Generative Model for Constructing Reaction Path from Initial to Final States
Hayashi, Akihide, Takamoto, So, Li, Ju, Okanohara, Daisuke
Mapping out reaction pathways and their corresponding activation barriers is a significant aspect of molecular simulation. Given their inherent complexity and nonlinearity, even generating a initial guess of these paths remains a challenging problem. Presented in this paper is an innovative approach that utilizes neural networks to generate initial guess for these reaction pathways. The proposed method is initiated by inputting the coordinates of the initial state, followed by progressive alterations to its structure. This iterative process culminates in the generation of the approximate representation of the reaction path and the coordinates of the final state.

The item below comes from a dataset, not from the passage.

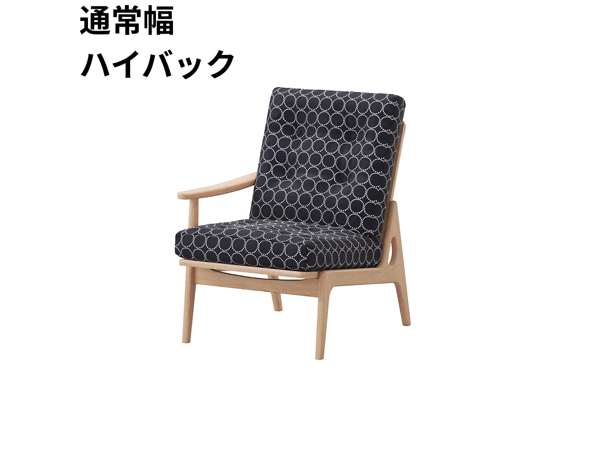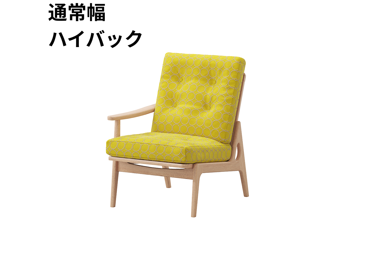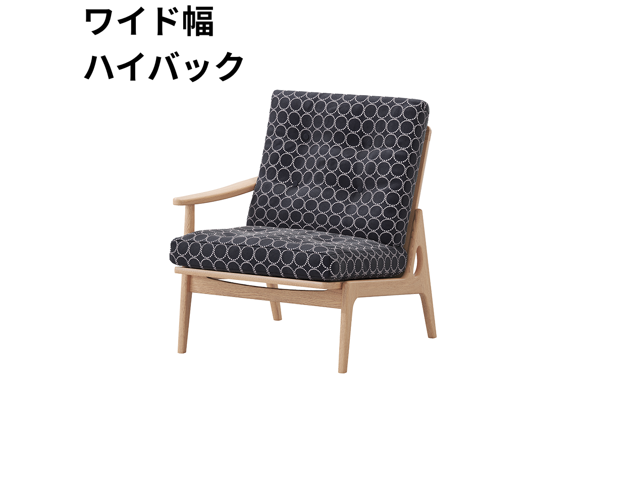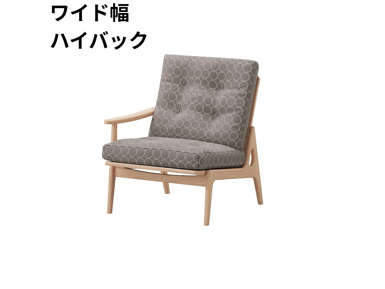 フレームサイズの4パターン。「ハイバック」は通常の高さ仕様(いわゆるローバック)よりも、クッションを約10㎝(背板は約7cm)高くして、安定感のある掛け心地を実現。更によりゆったりと過ごせるよう、幅方向に9cm広げた「ワイド」フレームも新たに加わりました。

The application of this method extends to complex reaction pathways illustrated by organic reactions. Training was executed on the Transition1x dataset, an organic reaction pathway dataset. The results revealed generation of reactions that bore substantial similarities with the corresponding test data. The method's flexibility allows for reactions to be generated either to conform to predetermined conditions or in a randomized manner.

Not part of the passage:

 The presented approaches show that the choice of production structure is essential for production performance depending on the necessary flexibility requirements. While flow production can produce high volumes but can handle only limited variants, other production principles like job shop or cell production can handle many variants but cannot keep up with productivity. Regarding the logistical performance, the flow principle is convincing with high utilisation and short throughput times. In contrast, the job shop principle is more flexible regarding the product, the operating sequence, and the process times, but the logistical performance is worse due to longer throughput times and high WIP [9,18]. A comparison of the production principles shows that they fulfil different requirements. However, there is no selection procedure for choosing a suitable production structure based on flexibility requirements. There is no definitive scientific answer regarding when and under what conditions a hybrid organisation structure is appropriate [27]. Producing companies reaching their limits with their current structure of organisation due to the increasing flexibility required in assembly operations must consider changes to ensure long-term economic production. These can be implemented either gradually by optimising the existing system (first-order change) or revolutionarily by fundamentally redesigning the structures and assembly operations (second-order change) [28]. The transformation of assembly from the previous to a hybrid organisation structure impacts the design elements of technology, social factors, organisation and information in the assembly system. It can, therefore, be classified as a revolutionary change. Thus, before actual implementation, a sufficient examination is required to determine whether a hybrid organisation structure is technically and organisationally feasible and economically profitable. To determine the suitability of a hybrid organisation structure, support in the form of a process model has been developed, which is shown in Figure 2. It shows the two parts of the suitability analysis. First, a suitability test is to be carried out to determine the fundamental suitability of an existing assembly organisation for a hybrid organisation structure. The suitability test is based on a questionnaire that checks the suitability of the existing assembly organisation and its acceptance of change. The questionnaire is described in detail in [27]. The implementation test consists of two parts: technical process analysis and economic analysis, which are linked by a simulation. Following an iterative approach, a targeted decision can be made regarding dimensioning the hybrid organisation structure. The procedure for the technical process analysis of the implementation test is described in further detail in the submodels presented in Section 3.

Learning-based Collision-free Planning on Arbitrary Optimization Criteria in the Latent Space through cGANs
Ando, Tomoki, Iino, Hiroto, Mori, Hiroki, Torishima, Ryota, Takahashi, Kuniyuki, Yamaguchi, Shoichiro, Okanohara, Daisuke, Ogata, Tetsuya
We propose a new method for collision-free planning using Conditional Generative Adversarial Networks (cGANs) to transform between the robot's joint space and a latent space that captures only collision-free areas of the joint space, conditioned by an obstacle map. Generating multiple plausible trajectories is convenient in applications such as the manipulation of a robot arm by enabling the selection of trajectories that avoids collision with the robot or surrounding environment. In the proposed method, various trajectories that avoid obstacles can be generated by connecting the start and goal state with arbitrary line segments in this generated latent space. Our method provides this collision-free latent space, after which any planner, using any optimization conditions, can be used to generate the most suitable paths on the fly. We successfully verified this method with a simulated and actual UR5e 6-DoF robotic arm. We confirmed that different trajectories could be generated depending on optimization conditions.

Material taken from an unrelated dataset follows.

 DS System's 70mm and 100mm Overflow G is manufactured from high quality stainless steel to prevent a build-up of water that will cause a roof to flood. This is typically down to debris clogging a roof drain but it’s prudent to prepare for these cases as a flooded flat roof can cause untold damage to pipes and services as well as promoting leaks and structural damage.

Neural Multi-scale Image Compression
Nakanishi, Ken, Maeda, Shin-ichi, Miyato, Takeru, Okanohara, Daisuke
This study presents a new lossy image compression method that utilizes the multi-scale features of natural images. Our model consists of two networks: multi-scale lossy autoencoder and parallel multi-scale lossless coder. The multi-scale lossy autoencoder extracts the multi-scale image features to quantized variables and the parallel multi-scale lossless coder enables rapid and accurate lossless coding of the quantized variables via encoding/decoding the variables in parallel. Our proposed model achieves comparable performance to the state-of-the-art model on Kodak and RAISE-1k dataset images, and it encodes a PNG image of size $768 \times 512$ in 70 ms with a single GPU and a single CPU process and decodes it into a high-fidelity image in approximately 200 ms.